Wherein, matched filtering refers to obtaining so that reference layout information is respectively mapped to logarithm pole with auto-correlation function image
Maximum coordinates point Pm (r in coordinate systemp,θp) so that the two linear correlation values are maximum, that is, g (r, θ)=f (r, θ) ο t (r, θ) reach
To global peak.Correlation operation can be shown below,
In formula, " ο " expression " correlation " operation;M, N indicate auto-correlation function image and reference layout information right respectively
Width and height under number polar coordinate system are equal with the width and height of image to be detected;F (r, θ), t (r, θ) are autocorrelation function graph respectively
The representation of picture and reference layout information under log-polar system.
Step 150, the coordinate value Pm (r of the maximum coordinates point obtained by step 140p,θp), image to be detected is carried out
Recovery obtains correction image.
More specifically, obtaining the geometric attack for characterizing described image to be detected and being subject to according to the coordinate value of maximum coordinates point
Geometric attack parameter, image to be detected is restored using geometric attack parameter with obtain correction image, below will more in detail
Carefully illustrate.
According to the coordinate value Pm (r of maximum coordinates pointp,θp), obtain rotation and/or contracting that characterization image to be detected is subjected to
Put the geometric attack parameter of equal geometric attacks.In case of rotate and scale, need to obtain rotation parameter and contracting
Parameter is put, according to the property of log-polar coordinate mapping, formula can be indicated as follows:
In formula, s, d indicates zooming parameter and rotation parameter respectively;
McFor constant;
N indicates height of the autocorrelogram picture under log-polar system, equal with the height of image to be detected.
And using gained rotation parameter d and zooming parameter s, image to be detected is restored to obtain without geometry
The correction image of attack, shown in following formula,
In formula,Indicate image to be detected pixel coordinate;
Indicate correction image pixel coordinates.
In this implementation, by the way that reference layout information to be compared with obtained auto-correlation function image, waited for correction
Geometric attack suffered by detection image.Since reference layout information data can be more much smaller than image to be detected data, so
Its matching speed is fast, saves the calculating time of correlation operation, improves work efficiency.

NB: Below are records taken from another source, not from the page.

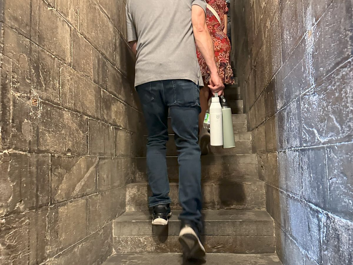 ・途中で水の確保や飲み物の購入などを優しく問いてくれたが、基本的には集合前に一人一つ水を持って行った方がいい。階段をひたすらに上がり続ける時間が長いので、体力があっても水分がないと館内に入ってから補給できるタイミングはないので厳しい。正直、これ以上年齢が高かったらしっかり休養して準備しないと厳しかったと思う。
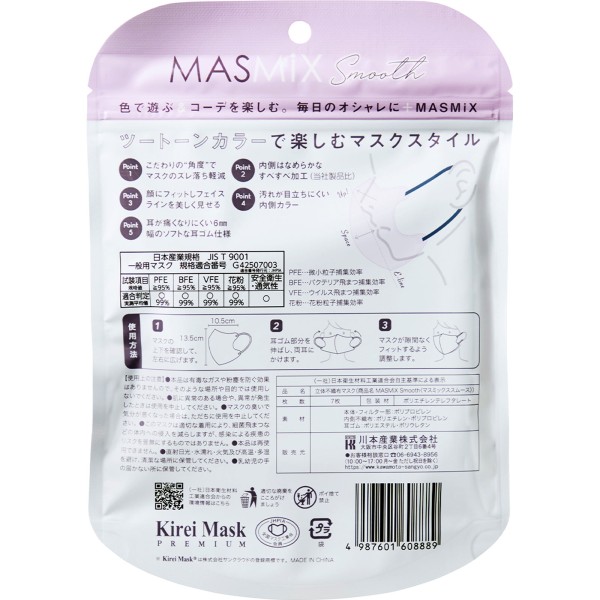MASMix 스무스 페일 라일락×다크 그레이 7매입 가와모토 산업 > 입체 타입
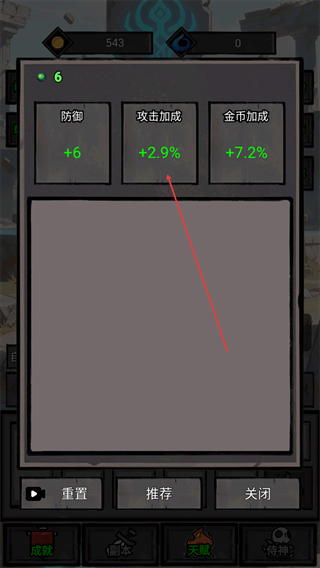 4、战斗后进入属性界面,选择攻击加成等属性提升,强化角色战力。
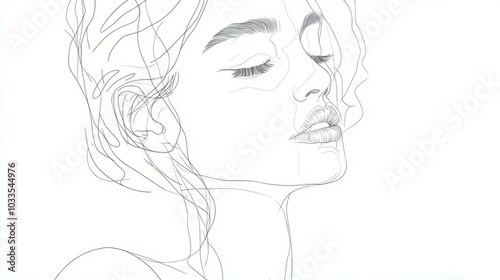 Woman line art portrait. Line art sketch of a woman with eyes closed, symbolizing peace, tranquility, and serenity.
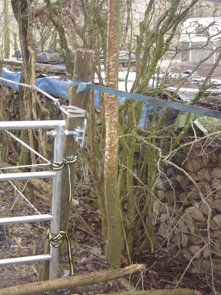 am Zaun zum Nachbargrundstück und schon seit Jahren von den Pferden angeknabbert

Step 160, based on any area consistent with reference watermark template image shape size in above-mentioned correction image
Maximum related value C in correlation between domain and reference watermark template image (abbreviation reference watermark image)max, judge the correction
Whether include reference watermark signal in image.
For example, first that one centered on the center for correcting image is consistent with reference watermark template image shape size
Region (abbreviation central area) compared with reference watermark template, obtain correlation between the two, then by central area
The consistent region of each shape size on side (for example, central point to the left, upper, right or down offset by the region of 1 or several pixel),
It is compared with reference watermark template, obtains corresponding correlation, and so on, to acquire above-mentioned maximum related value.Wherein,
Any image shape region of the same size constituted with reference watermark template in correction image, with reference watermark template most
The acquisition of big correlation can be calculated as follows:
Wherein, Wr(x, y) indicates reference watermark template, is made of L modulator block, Wr(x, y)=(wr[1],...,wr
[i],...,wr[L]), wr[i] indicates i-th of modulator block;Bc(x, y) indicates central area (examined fritter), corresponds to benchmark
Watermark template is also made of corresponding L element, Bc(x, y)=(B [1] ..., B [i] ..., B [L]), during wherein B [i] is
The region corresponding to i-th of modulator block in heart district domain;P (x, y) indicates the point (point slided into) of correction image;*mIndicate convolution
A kind of modification of operation,* shown herein as convolution operation.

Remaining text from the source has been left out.